Myth 5: We need special laws to end trafficking
Many abuses included in the exploitation of individuals for the benefit of others are already illegal. Kidnapping, rape, and underage sex are illegal. These laws should be sufficient to prosecute traffickers. However, because sex work itself is stigmatized and both consensual workers and individuals who have been trafficked are dehumanized by assumptions about sex work, particularly if anyone who is being trafficked is judged to have been a willing participant in sex work at another time in their life, it is difficult to approach law enforcement with actual experiences and evidence of sex trafficking. In short, the current laws do not work to protect sex workers or anyone who has been trafficked because the barrier of stigma is too high. Decriminalization would reduce stigma so that current laws can be applied to sex workers. Decriminalization would also facilitate reporting trafficking to law enforcement so that these destructive activities can be prosecuted.

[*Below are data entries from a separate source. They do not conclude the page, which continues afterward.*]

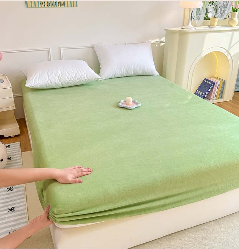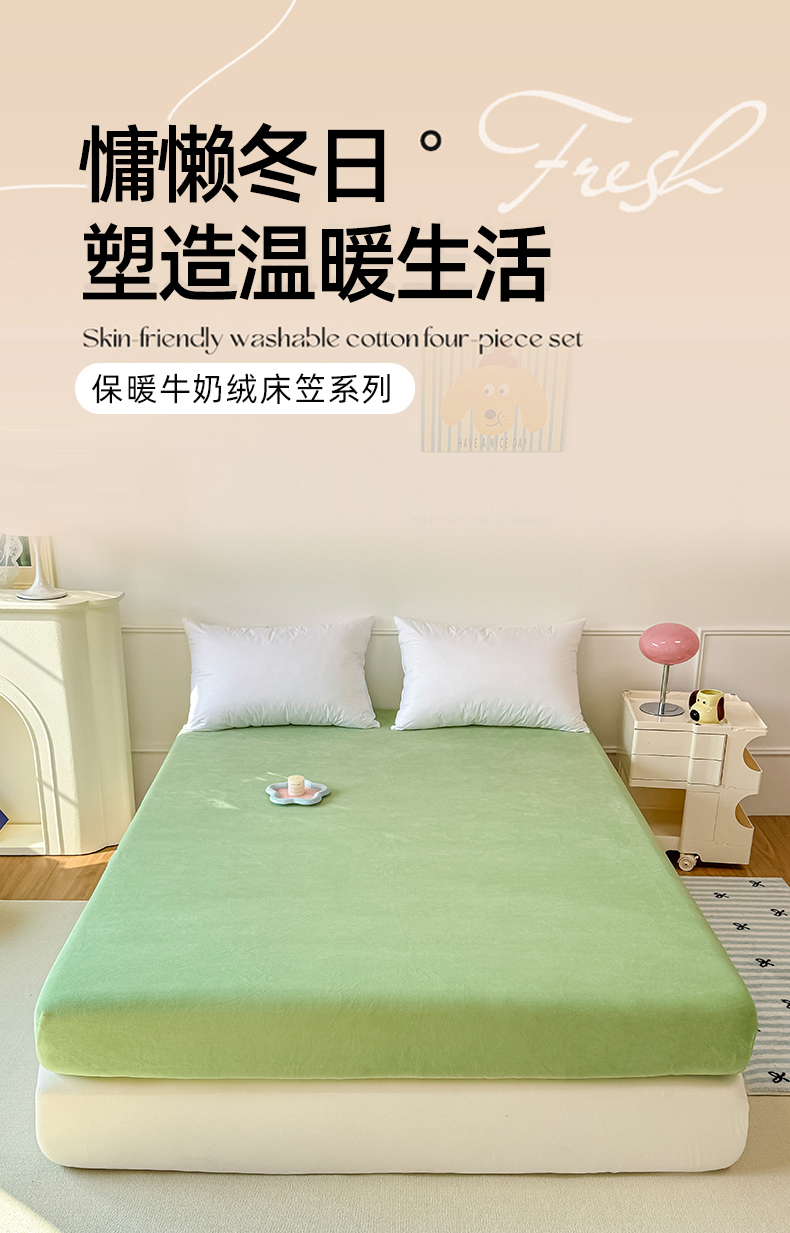 (总)觅妮家纺 2025新款全消光200g保暖牛奶绒纯色简约款床笠,芭比粉,宾利蓝,果绿,黑灰,灰色,咖色,浅粉,浅灰,雾霾蓝
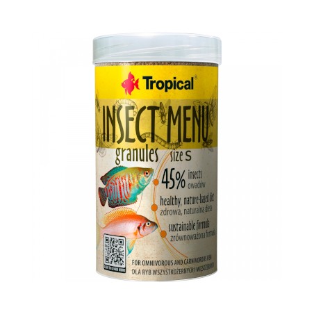 • alimento multicomponente en forma gránulos que se hunden para peces de acuario omnívoros y carnívoros a base de 3 insectos: hermetia (15%), gusano de la seda (15%) y gusano de la harina (15%)
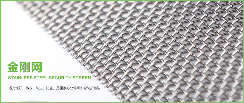 金刚网又名防盗网、安全网、防弹网,是河北旭森公司旗下主打产品之一。该产品选用优质不锈钢丝,经过先进数控机器平织工艺编织而成,经裁剪、矫平、表面去磷钝化处理后采用静电粉末喷涂处理,网面平整,目数均匀,经纬弯曲度一致,透光性能好,防蚊防虫,是防盗、防弹以及居家办公场所安全防护首选。由于该产品多用于门窗制造,一般也称其为金属安全门窗网。
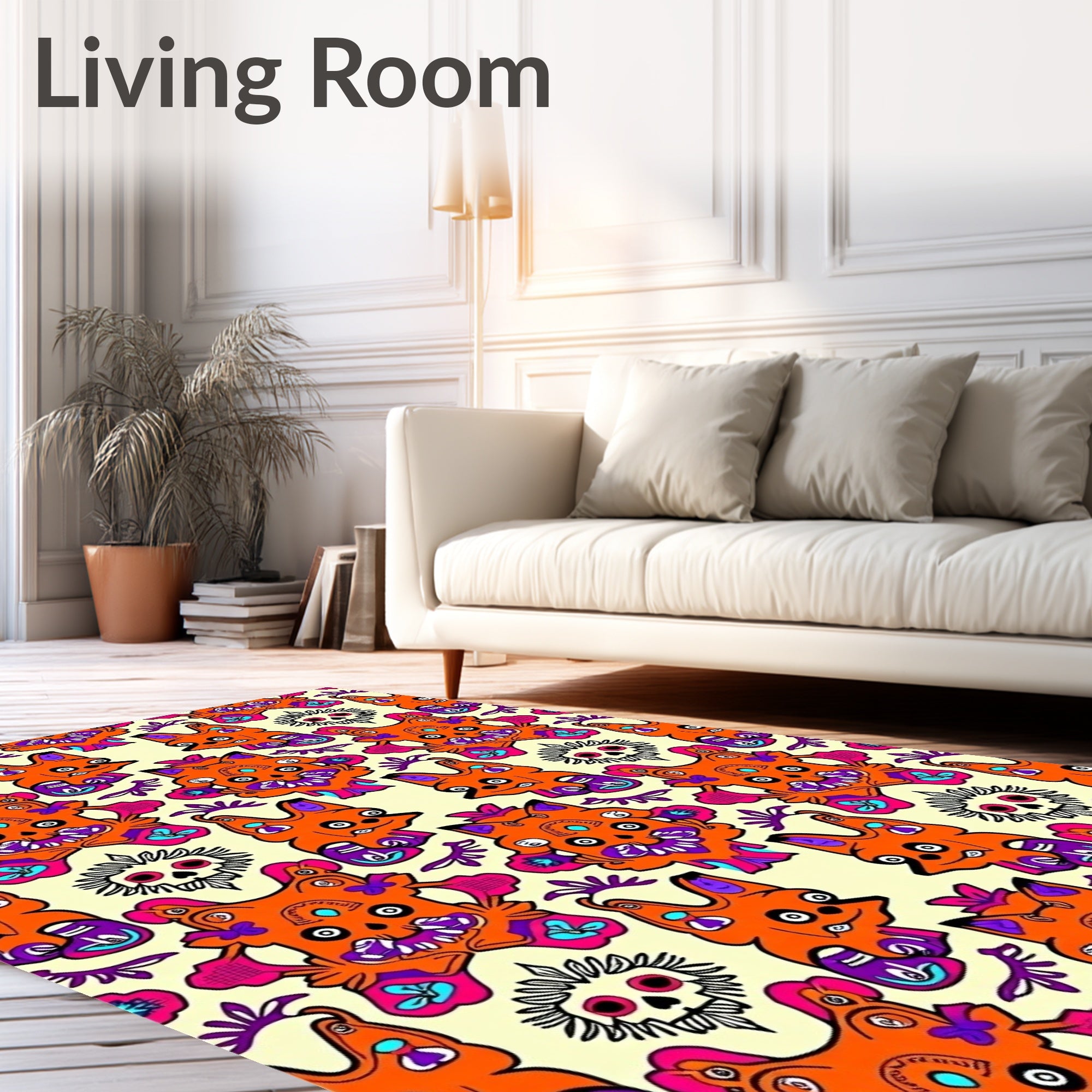 Ultra Soft Area Rug, Non Slip, Stain Resistant, Washable Area Rugs for Living Room, Bedroom, Festive Skull Cats Floral Arch Halloween Entryway Accent(Orange) Overview:
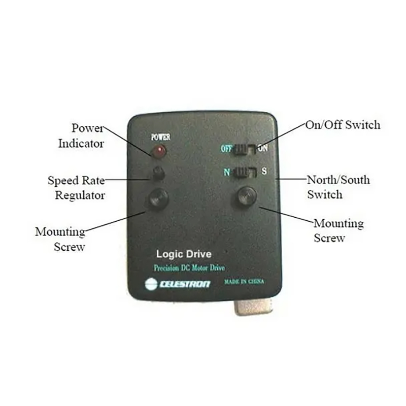 موتور محور بُعد تلسکوپ سلتسترون با باتری 9 ولتی کار می کند، بنابراین هیچ سیمی ایجاد مانع نمی کند. موتور را می توان در نیمکره شمالی یا جنوبی استفاده کرد. برای تغییر نیمکره ها (معکوس کردن جهت موتور)، به سادگی کلید شمال/جنوبی (N/S) را روی صفحه درایو موتور بچرخانید.
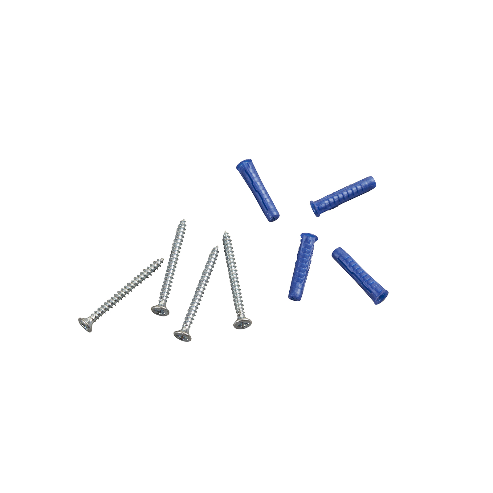 Set of screws for concrete, stone, plaster and wooden walls for hooks and hook strips. Available in different variants to suit your product.

SESTA/ FOSTA are likely to remain law. The tragedy is that SESTA and FOSTA will continue to perpetuate stigma and increase rates of abuse against sex workers, while providing little evidence-based assurance that sex trafficking will be curtailed under their implementation. This burden will be felt most acutely by the most marginalized—low income individuals, people of color, and trans men and women. But for the safety of women, girls, and other individuals involved in consensual sex work, and for justice for individuals impacted by the horror of sex trafficking, it is necessary to remain committed to fostering environments that respect all of them as whole, autonomous humans. We hold hope that decriminalization will gain support over time. Please help us fight the stigma, change the anti-trafficking narrative, and decriminalize to save lives.